I am delighted to share another beautiful submission to the Monk in the World Guest Post series from the community. Read on for Michelle Lisenbee’s reflection on caring for chickens as spiritual practice.

I live in the Mid-Atlantic. Our summers tend to be very warm and very humid. Not like, jungle humid, but sometimes it feels pretty darn close. One Sunday morning, in late July of 2017, I opened the door to feel blessed coolness. It had been in the high nineties all week. This morning, it was only in the seventies and the usual humidity was absent. I knew it would be back, but for this morning, it was glorious. The sun was shining, the sky was a perfect blue and a light breeze ruffled the leaves of the trees that ringed our back yard. I stepped barefoot out the door, off the porch and into the dewy grass, savoring the cool feel of it on my feet. Our chocolate Labrador, Shasta, always within touching distance of me, followed me out. While she snuffled about and did her business, I slowly crossed the yard to let our chickens out for the day.

We have a small mobile coop and five hens we adopted from a friend when she moved out of state and couldn’t take them with her. We’d gotten only them six weeks earlier and I was still learning how to be a chicken mom. As I approached, I heard them softly clucking to each other. As they heard me coming, they got louder, greeting me in their chicken-y way. I smiled and knelt to open their little doorway. One by one, they hopped down into the grass and began pecking and scratching, looking at me sideways to see if I had something good for them to eat. I reached out to stroke each of them in turn and sang them the silly little “good morning song” I’d made up. Once they realized I had no treats, they ignored me. I placed their ladder, checked their food and water and latched the door. I turned and opened the nesting box lid to check for eggs – and found one perfect brown oval there resting on the sweet-smelling pine shavings. I cupped it in my palm. It felt perfect – round and smooth and warm.
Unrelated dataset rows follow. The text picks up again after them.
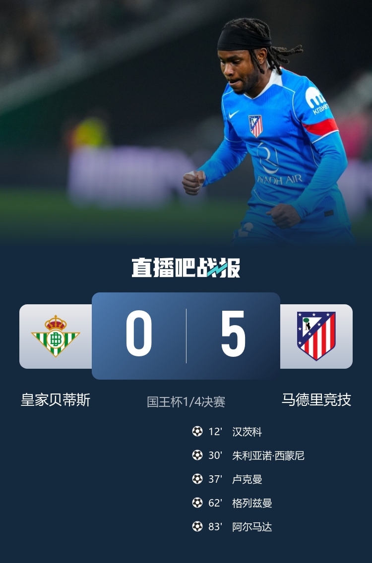 国王杯-马竞5-0贝蒂斯晋级4强 卢克曼首秀传射格子、小西蒙尼破门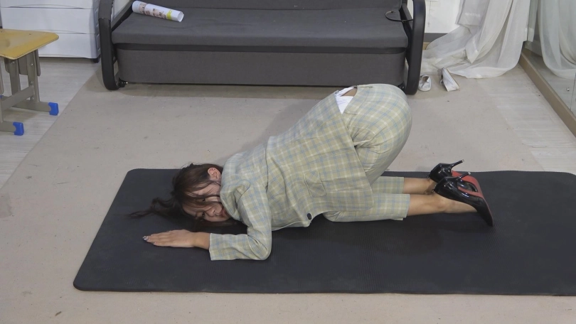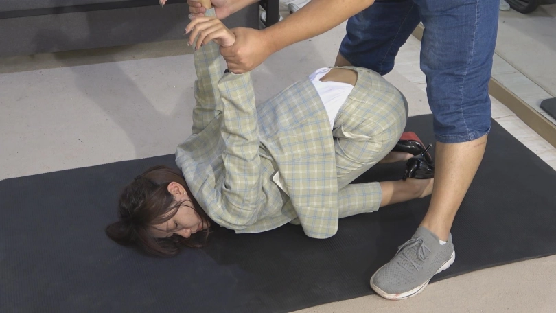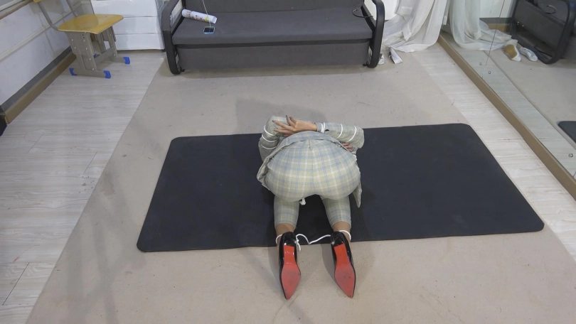 大学生美女然然,穿上西服显得多一分成熟与干练。反扭,押解,手铐,脚铐,扎带,押解绑,五花大绑,驷马挣扎等元素。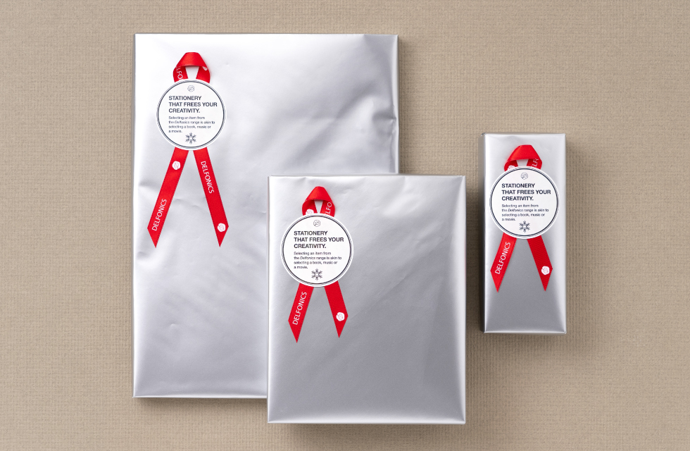 DELFONICS Web Shopでは、無料のギフトラッピングサービスが利用可能。ご注文の際、支払い方法選択画面にて、ギフトラッピングをお選びください。ご注文商品を1つずつラッピングしてお届けする「個別ラッピング」、ご注文商品をすべてまとめてラッピングする「まとめてラッピング」のどちらかを選択できます。キャンペーン期間中、限定デザインのシールをワンポイントにした特別仕様です。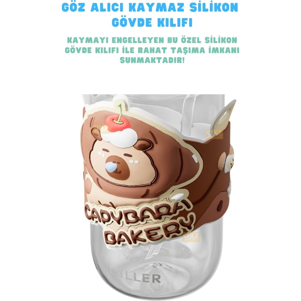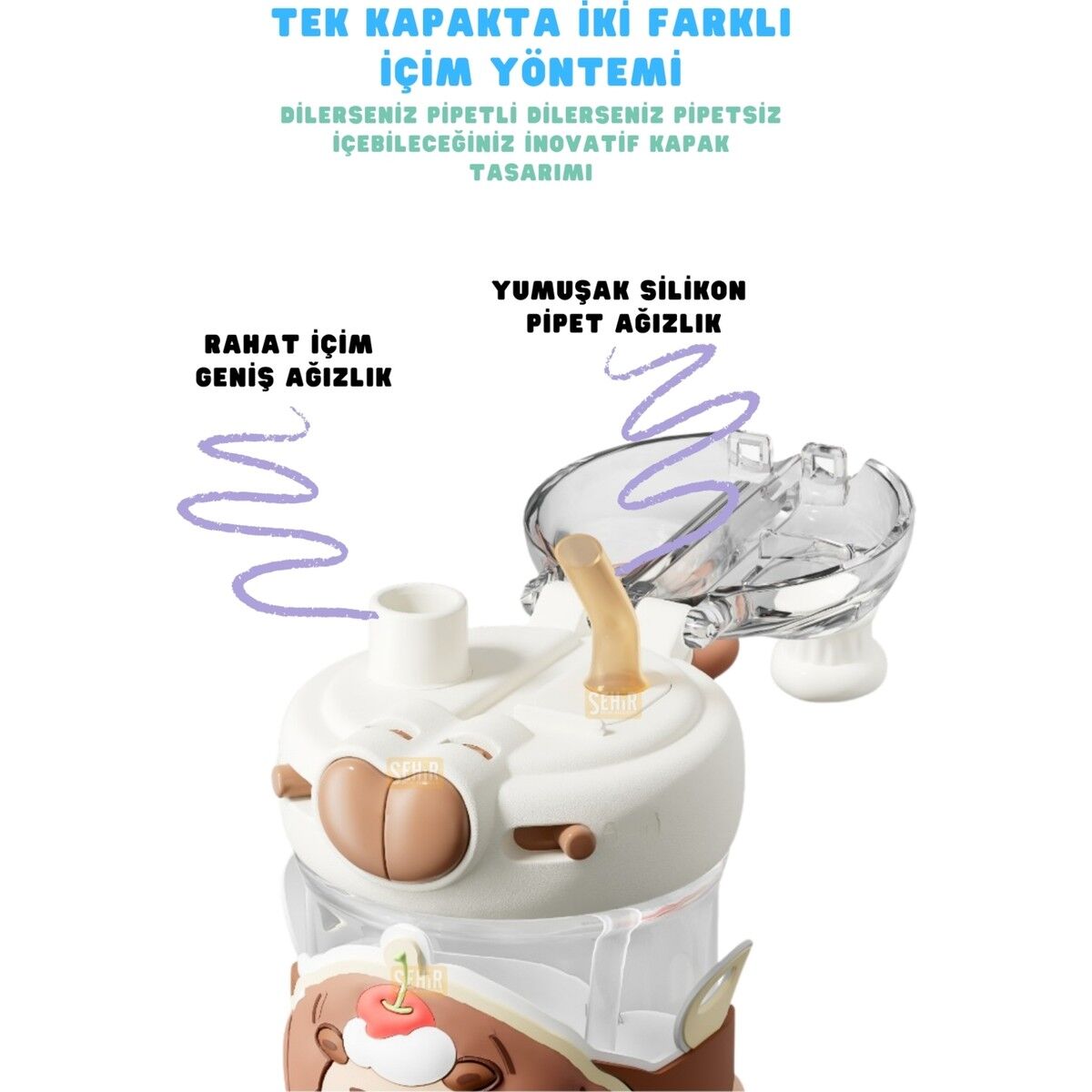 Diller 580ML Yeni Koleksiyon Sevimli Hayvanlar Süslü Pipetli/pipetsiz Boyun Askılı Tritan Çocuk Matarası
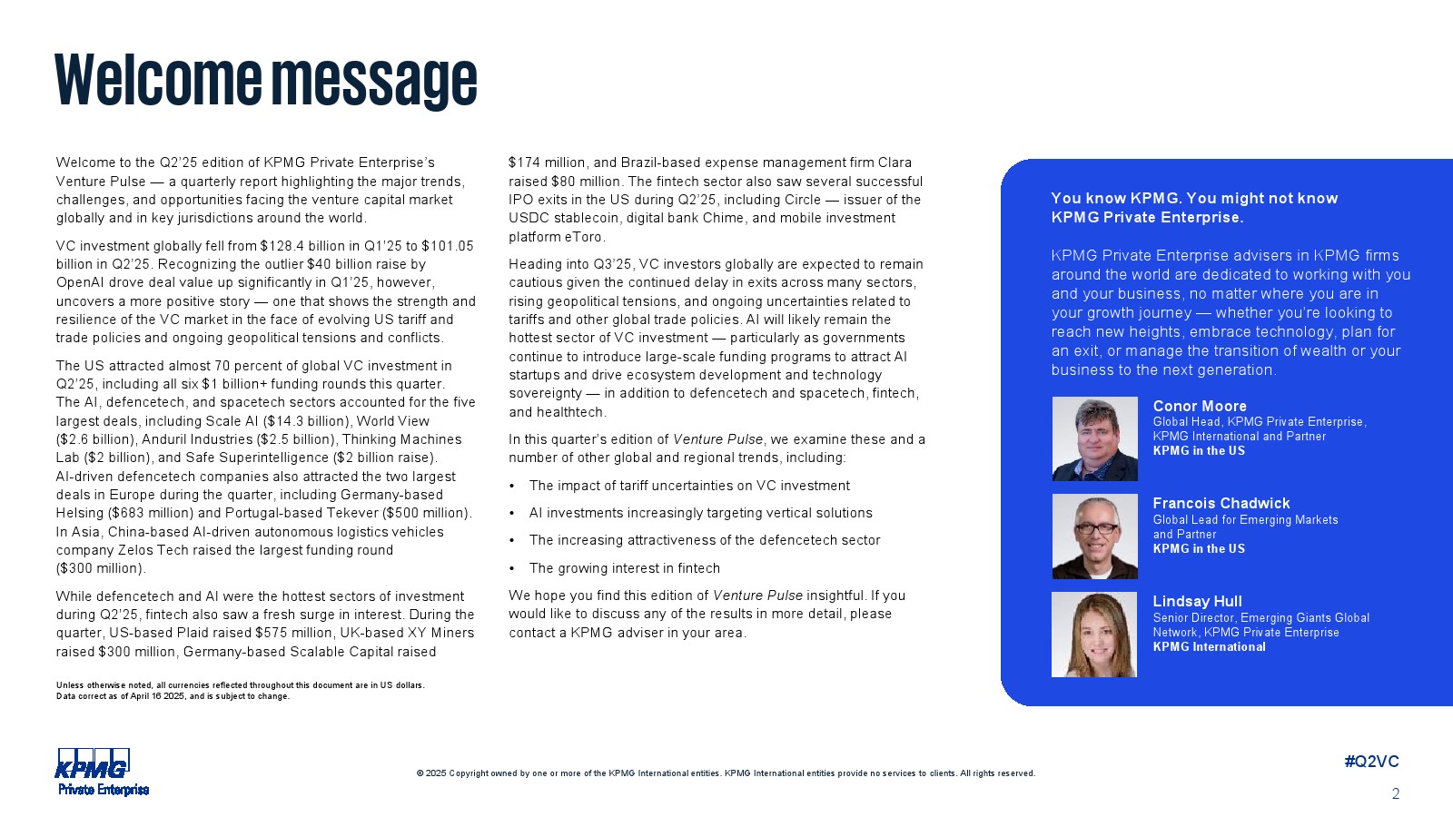 毕马威发布了“2025年第二季度风险投资报告”。全球风险投资从2025年第一季度的1284亿美元下降至第二季度的1010.5亿美元。尽管出现下滑,考虑到第一季度包含了OpenAI单笔400亿美元的异常融资,在持续的地缘政治冲突、贸易紧张和宏观经济不确定性背景下,2025年第二季度仍是一个相对强劲的季度。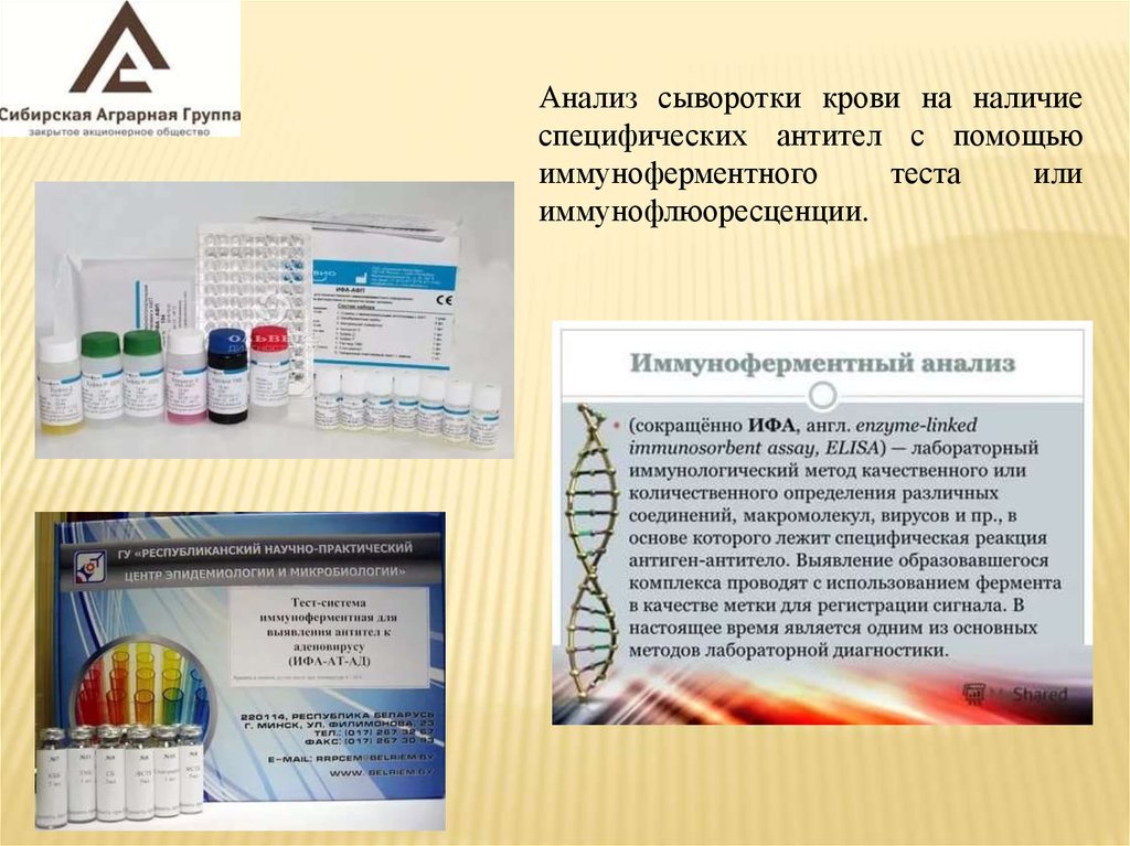 Анализ сыворотки крови на наличиеспецифических антител с помощью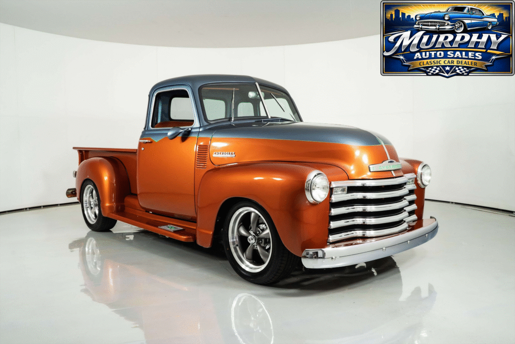 This 1950 Chevrolet 3100 truck is a stunningly restored classic with a bold orange finish that grabs attention wherever it goes. With just 381 miles on the clock, it’s powered by a 350 C.I. V8 engine paired with a 3-speed automatic transmission, offering both power and smoothness. The truck rolls on 18" American Racing wheels, fitted with 235/55/R18 tires, blending vintage style with modern performance. Inside, the orange interior features leather and vinyl bench seating for a…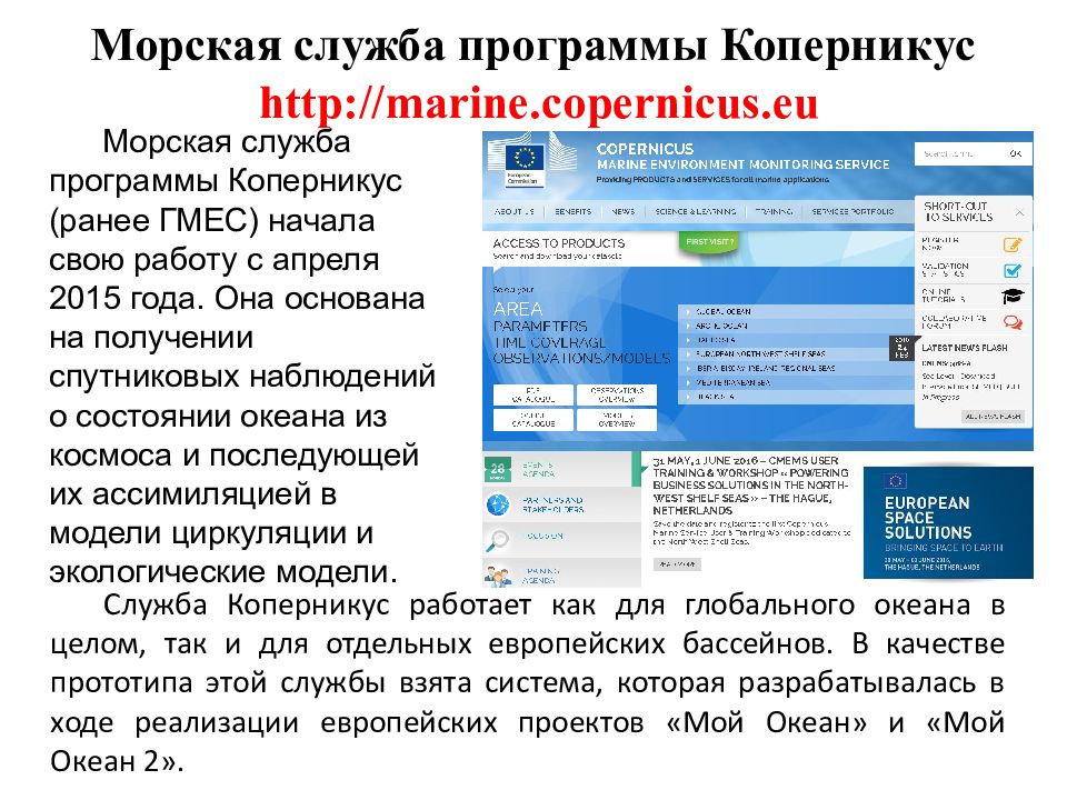 Морская служба программы Коперникус (ранее ГМЕС) нача ла свою работу с апреля 2015 года. Она основана на получении спутниковых наблюдений о состоянии океана из космоса и последующей их ассимиляцией в модели циркуляции и экологические модели. Служба Коперникус работа ет как для глобального океана в целом, так и для отдельных европейских бассейнов. В качестве прототипа этой службы взята система, которая разрабатывалась в ходе реализации европейских проектов «Мой Океан» и «Мой Океан 2 ».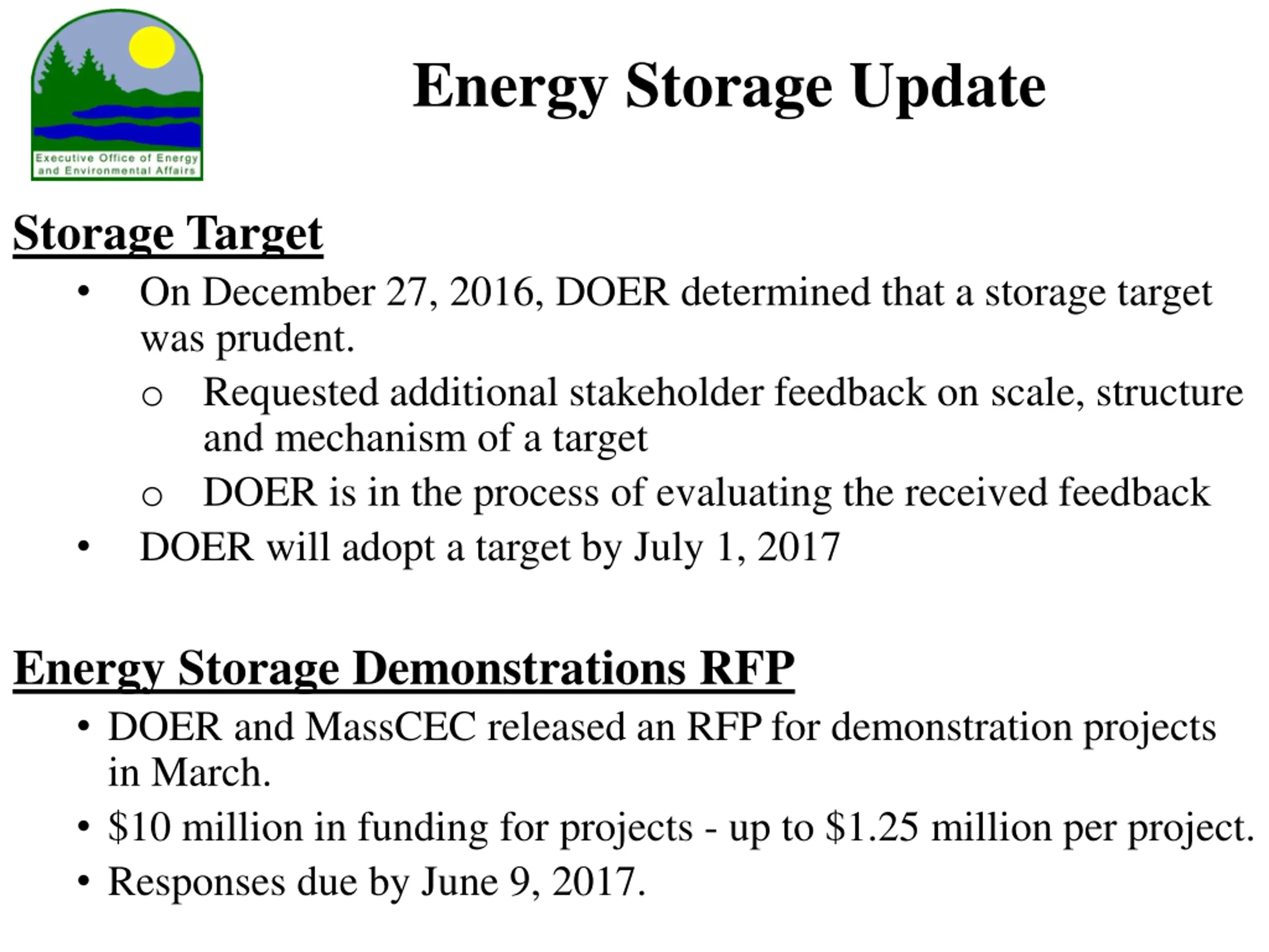 Energy Storage Update Storage Target On December 27, 2016, DOER determined that a storage target was prudent. o Requested additional stakeholder feedback on scale, structure and mechanism of a target o DOER is in the process of evaluating the received feedback DOER will adopt a target by July 1, 2017 Energy Storage Demonstrations RFP DOER and MassCEC released an RFP for demonstration projects in March. $10 million in funding for projects - up to $1.25 million per project. Responses due by June 9, 2017.

I held it gently as I continued to wander through the lush greenness in our small corner of the world. My attention was captured by a blaze of yellow at our woodpile. I had seen these volunteer flowers growing there earlier and had warned my husband and sons not to mow them down. Today, they were in full, riotous sunshine-y bloom. Coreopsis, I thought. I did not plant them here. I had planted others in the front yard, but none in the back. I had no idea how they ended up here, but they did. The juxtaposition of the messy, overgrown woodpile and the bright happy blossoms lit up my heart. In that moment, I felt completely full of overwhelming gratitude for all of it: the gorgeous weather, the early morning egg, the blooming woodpile. I stood quietly, surrounded by God’s creation – earth, sky, plants, and animals and breathed it in. I felt myself a part of it. As I gave thanks for everything, I realized I need to include myself as part of the picture. As God created all that surrounded me, he also created me. And just as each blade of grass and each perfect egg was a unique creation, made only once, so was I. My eyes welled up. This, I thought. This is truth.

It’s now been a year since we adopted our chickens. Stepping outside twice a day to care for them has become one of my primary spiritual practices. I know, it probably seems odd to call caring for chickens a spiritual activity, but for me, it is. Every single day that I am home, at dawn and just after dusk, I step outside, barefoot if the weather allows. I pause. I breathe. I look up. I check for eggs. I supply food, water and as much safety as I can. I give thanks.

Being outside at the opening and closing of each day helps keep me in in touch with what is real. I notice the weather. I notice the position of the sun. I notice the phase of the moon. I notice the fireflies.  (Oh the magical wonder of fireflies in summer!!) I notice the melting snow, the parts of our yard that stay wet for days after a rain, the birds that have built nests in our shed eaves, the bunnies that hop softly about. I hear woodpeckers in the dead tree next door, the geese that migrate overhead, the squirrels that race around playing tag.

Watching the seasons unfold and flow one into the next is part of what it means to be a monk in the world for me. Every dawn reminds me that we have the chance to begin again. Every dusk reminds me to give thanks for the blessings of the day. As a nurse and massage therapist, remembering that we are all part of God’s amazing creation brings more compassion to my work. And as an artist, gratitude and nature often make their way onto my canvases.  Even if the whole wide middle of my day ends up feeling out-of-sorts, these bookend moments are (usually!) enough to bring me back to center. Praying we all find centering moments in our day – with or without chickens. Blessings.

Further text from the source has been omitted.